=== Exercise prompt ===
Pick out and copy every line below that has the word "have".

=== Records for processing ===

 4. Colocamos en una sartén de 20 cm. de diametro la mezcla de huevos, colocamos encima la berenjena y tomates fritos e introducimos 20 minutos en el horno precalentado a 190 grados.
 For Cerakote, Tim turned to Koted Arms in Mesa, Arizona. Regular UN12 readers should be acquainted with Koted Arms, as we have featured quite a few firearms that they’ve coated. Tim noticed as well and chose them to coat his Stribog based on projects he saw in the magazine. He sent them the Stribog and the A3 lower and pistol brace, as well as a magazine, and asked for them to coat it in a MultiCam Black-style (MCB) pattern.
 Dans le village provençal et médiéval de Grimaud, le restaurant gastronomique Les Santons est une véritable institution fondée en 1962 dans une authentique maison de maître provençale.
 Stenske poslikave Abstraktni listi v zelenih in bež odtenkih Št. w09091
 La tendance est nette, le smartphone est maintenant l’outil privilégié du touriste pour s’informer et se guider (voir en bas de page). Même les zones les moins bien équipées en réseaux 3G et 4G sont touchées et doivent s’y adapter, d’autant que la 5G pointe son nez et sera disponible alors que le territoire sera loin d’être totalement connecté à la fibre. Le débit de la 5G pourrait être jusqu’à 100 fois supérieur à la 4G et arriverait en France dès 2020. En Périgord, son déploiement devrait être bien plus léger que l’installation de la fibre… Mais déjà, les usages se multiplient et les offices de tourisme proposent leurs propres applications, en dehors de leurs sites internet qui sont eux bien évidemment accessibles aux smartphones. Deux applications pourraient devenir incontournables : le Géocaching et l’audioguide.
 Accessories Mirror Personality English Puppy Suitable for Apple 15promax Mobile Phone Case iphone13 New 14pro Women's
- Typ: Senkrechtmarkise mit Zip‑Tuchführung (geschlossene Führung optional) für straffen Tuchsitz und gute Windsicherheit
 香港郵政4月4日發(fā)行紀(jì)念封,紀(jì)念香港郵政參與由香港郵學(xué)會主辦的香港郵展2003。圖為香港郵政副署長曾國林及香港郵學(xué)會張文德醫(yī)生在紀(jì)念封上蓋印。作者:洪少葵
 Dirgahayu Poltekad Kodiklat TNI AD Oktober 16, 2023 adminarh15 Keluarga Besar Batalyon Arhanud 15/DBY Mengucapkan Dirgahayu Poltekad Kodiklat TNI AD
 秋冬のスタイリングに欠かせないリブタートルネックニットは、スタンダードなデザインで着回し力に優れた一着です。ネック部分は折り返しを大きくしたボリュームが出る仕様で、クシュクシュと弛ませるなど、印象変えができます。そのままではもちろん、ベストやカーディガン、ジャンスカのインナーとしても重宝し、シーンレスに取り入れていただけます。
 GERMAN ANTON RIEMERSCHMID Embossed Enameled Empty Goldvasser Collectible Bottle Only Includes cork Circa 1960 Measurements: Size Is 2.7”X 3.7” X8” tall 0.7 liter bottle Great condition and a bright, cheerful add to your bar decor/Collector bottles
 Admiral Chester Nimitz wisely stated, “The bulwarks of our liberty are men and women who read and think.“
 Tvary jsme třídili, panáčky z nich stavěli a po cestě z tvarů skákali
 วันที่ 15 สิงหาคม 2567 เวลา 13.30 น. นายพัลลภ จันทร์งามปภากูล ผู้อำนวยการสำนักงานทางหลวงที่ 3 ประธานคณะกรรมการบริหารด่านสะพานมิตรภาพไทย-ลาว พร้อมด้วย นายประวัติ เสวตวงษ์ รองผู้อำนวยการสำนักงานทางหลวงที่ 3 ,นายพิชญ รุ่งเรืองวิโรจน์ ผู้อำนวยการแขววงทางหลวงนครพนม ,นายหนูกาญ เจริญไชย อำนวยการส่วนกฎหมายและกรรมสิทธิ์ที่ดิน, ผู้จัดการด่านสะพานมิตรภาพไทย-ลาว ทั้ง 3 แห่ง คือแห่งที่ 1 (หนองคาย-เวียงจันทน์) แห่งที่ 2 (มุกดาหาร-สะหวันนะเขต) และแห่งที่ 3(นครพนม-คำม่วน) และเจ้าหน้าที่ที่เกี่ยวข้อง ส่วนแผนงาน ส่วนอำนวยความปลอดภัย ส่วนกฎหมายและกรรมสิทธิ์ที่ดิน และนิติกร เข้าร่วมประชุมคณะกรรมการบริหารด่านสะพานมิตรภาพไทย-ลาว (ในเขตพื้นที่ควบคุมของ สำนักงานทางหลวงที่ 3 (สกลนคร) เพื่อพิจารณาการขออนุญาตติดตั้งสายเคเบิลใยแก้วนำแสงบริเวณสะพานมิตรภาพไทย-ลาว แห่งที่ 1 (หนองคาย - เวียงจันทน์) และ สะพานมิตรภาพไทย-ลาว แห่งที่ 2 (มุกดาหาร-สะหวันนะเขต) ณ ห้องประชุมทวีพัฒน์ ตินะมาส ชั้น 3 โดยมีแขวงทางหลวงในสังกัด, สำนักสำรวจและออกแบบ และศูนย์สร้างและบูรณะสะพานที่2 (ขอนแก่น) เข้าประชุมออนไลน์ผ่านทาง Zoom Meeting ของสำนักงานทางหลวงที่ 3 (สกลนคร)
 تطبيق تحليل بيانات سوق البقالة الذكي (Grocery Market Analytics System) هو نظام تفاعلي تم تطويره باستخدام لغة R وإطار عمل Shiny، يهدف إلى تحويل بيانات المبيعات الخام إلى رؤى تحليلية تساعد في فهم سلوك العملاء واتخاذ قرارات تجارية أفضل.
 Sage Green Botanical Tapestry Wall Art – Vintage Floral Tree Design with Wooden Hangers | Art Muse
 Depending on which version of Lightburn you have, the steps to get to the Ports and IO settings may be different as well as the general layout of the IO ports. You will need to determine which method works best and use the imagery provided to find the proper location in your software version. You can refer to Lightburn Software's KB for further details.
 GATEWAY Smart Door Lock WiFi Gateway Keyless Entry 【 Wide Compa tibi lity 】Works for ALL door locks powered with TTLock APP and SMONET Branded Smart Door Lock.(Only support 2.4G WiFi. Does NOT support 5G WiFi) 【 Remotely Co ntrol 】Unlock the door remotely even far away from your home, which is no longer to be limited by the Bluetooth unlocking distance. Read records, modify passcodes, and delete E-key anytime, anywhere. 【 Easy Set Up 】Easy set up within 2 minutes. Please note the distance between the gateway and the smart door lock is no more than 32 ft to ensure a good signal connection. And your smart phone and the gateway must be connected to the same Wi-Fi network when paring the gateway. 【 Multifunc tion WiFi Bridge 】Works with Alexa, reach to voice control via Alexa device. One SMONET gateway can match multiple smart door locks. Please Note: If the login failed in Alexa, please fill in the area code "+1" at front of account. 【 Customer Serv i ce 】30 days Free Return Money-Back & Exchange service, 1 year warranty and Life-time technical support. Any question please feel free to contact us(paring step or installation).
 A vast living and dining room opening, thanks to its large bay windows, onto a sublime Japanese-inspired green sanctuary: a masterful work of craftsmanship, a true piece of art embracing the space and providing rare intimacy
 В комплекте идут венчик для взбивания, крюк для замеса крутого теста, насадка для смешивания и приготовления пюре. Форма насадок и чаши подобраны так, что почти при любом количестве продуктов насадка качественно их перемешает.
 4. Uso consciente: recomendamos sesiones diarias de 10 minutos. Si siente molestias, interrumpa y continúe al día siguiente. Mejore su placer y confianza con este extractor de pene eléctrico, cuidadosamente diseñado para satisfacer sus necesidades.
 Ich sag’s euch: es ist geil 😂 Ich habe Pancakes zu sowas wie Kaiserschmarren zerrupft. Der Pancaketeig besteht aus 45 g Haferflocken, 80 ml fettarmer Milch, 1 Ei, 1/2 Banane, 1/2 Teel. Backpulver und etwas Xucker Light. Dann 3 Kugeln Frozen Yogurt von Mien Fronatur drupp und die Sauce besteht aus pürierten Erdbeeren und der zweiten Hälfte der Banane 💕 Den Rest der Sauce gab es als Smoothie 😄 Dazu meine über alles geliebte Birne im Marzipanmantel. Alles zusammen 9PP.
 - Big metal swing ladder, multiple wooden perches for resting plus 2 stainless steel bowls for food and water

=== Answer to the exercise ===
 For Cerakote, Tim turned to Koted Arms in Mesa, Arizona. Regular UN12 readers should be acquainted with Koted Arms, as we have featured quite a few firearms that they’ve coated. Tim noticed as well and chose them to coat his Stribog based on projects he saw in the magazine. He sent them the Stribog and the A3 lower and pistol brace, as well as a magazine, and asked for them to coat it in a MultiCam Black-style (MCB) pattern.
 Depending on which version of Lightburn you have, the steps to get to the Ports and IO settings may be different as well as the general layout of the IO ports. You will need to determine which method works best and use the imagery provided to find the proper location in your software version. You can refer to Lightburn Software's KB for further details.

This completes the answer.